IS now controls “more than 95,000 square kilometers (38,000 square miles) in Syria, which is 50 percent of the country’s territory, “the Observatory said.

It dominates the provinces of Deir Ezzor and Raqa and has a strong presence in Hasakeh, Aleppo, Homs and Hama.

It has also seized most of Syria’s oil and gas fields, using the income to fund expansion of its self-styled “caliphate.”

“IS controls large and contiguous territory with a lot of freedom of movement,” said Charlie Winter, researcher on jihadism at the Quilliam Foundation.

Palmyra’s takeover came days after IS seized the Iraqi city of Ramadi, their most significant victory since mid-2014 when they conquered swaths of land, sparking a US-led air campaign to support Baghdad.

On Thursday IS pushed further and seized Iraqi positions east of Ramadi, officials said.

Obama described the loss of Iraqi territory as a tactical setback and blamed it on a lack of training and reinforcements of Iraq’s own security forces.

“I don’t think we’re losing,” Obama told news magazine The Atlantic.

The Pentagon said Iraqi forces retreated from Ramadi partly because they incorrectly believed a sandstorm was preventing US-led aircraft from coming to their aid.

Meanwhile, a US official said airstrikes last year against Islamist extremists in Syria killed two children by mistake, the first time the American military acknowledged inflicting civilian casualties in the war.

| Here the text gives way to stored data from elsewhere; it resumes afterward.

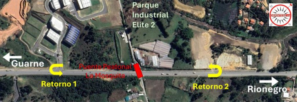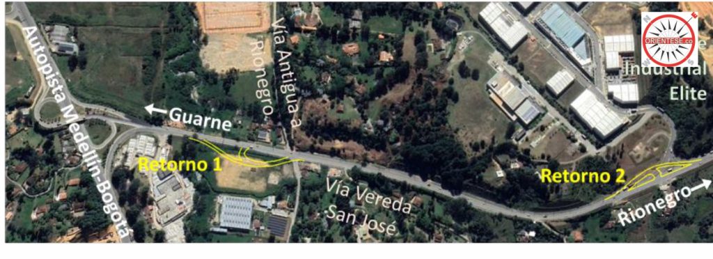 Y las otras dos obras, serán en la variante del aeropuerto a Guarne, donde se van a hacer dos pares de retornos viales para separar la vía, uno en la vereda San José de Guarne, y el otro en la vereda La Mosquita entre Guarne y Rionegro.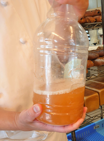 パン生地作りには、一般的なパン酵母だけでなく、いくつかの自家培養酵母種を使っています。そのひとつは、なんと八重桜からとったという酵母種。芦沢さんは店の外まで出て近くの山を指さし、「あそこの山の上の八重桜からとった酵母を自家培養している」と熱を込めて説明してくれました。酵母種の瓶のフタを開けると、いきなりシュワッという音がして発泡。辺りに良い香りが漂い、素人目にも酵母が元気に生きているのがわかります。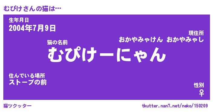 | 意味不明あだ名 | 『ペロリンむぴけ』『むぴけフォーエバー』 |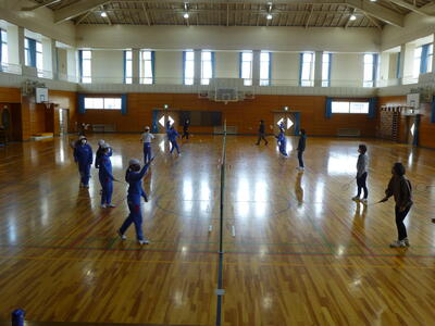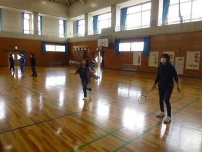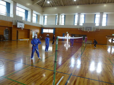 6年生の体育は、親子でバドミントンに取り組みました。はじめに親子でシャトルを打ち合って練習を行い、その後、親子ペアでのダブルスや親対子のゲームをして楽しみました。あちこちから歓声が聞こえてくる楽しい時間となりました。卒業まで学校生活もあとわずかになりましたが、また一つよい思い出を作ることができたのではないでしょうか。

Thick smoke rises following an airstrike by the US-led coalition in Kobani, Syria while fighting continued between Syrian Kurds and the Islamic State group, as seen from Mursitpinar on the outskirts of Suruc, at the Turkey-Syria border, Oct. 14, 2014. (Photo credit: Lefteris Pitarakis/AP)
Thick smoke rises following an airstrike by the US-led coalition in Kobani, Syria, while fighting continued between Syrian Kurds and the Islamic State group, as seen from Mursitpinar on the outskirts of Suruc, at the Turkey-Syria border, October 14, 2014. (AP/Lefteris Pitarakis)

“We regret the unintentional loss of lives,” Lieutenant General James Terry, head of the US-led air campaign against IS, said in a statement.

“The strikes were designed to destroy targets utilized by Khorasan group-affiliated extremists to meet and manufacture explosives,” a report on the incident said.

But the bombing killed two children — including the daughter of a militant — and caused “minor injuries” to two civilian workers who lived near the buildings that were targeted, it said.

In assessments prior to the air raid, there were no reports that children could be in the area, the probe concluded.

The airstrikes were carried out in accordance with extensive rules designed to avoid civilian deaths and the targets were deemed “valid military targets,” it said.

The report found no wrongdoing or negligence by military forces overseeing or carrying out the strikes.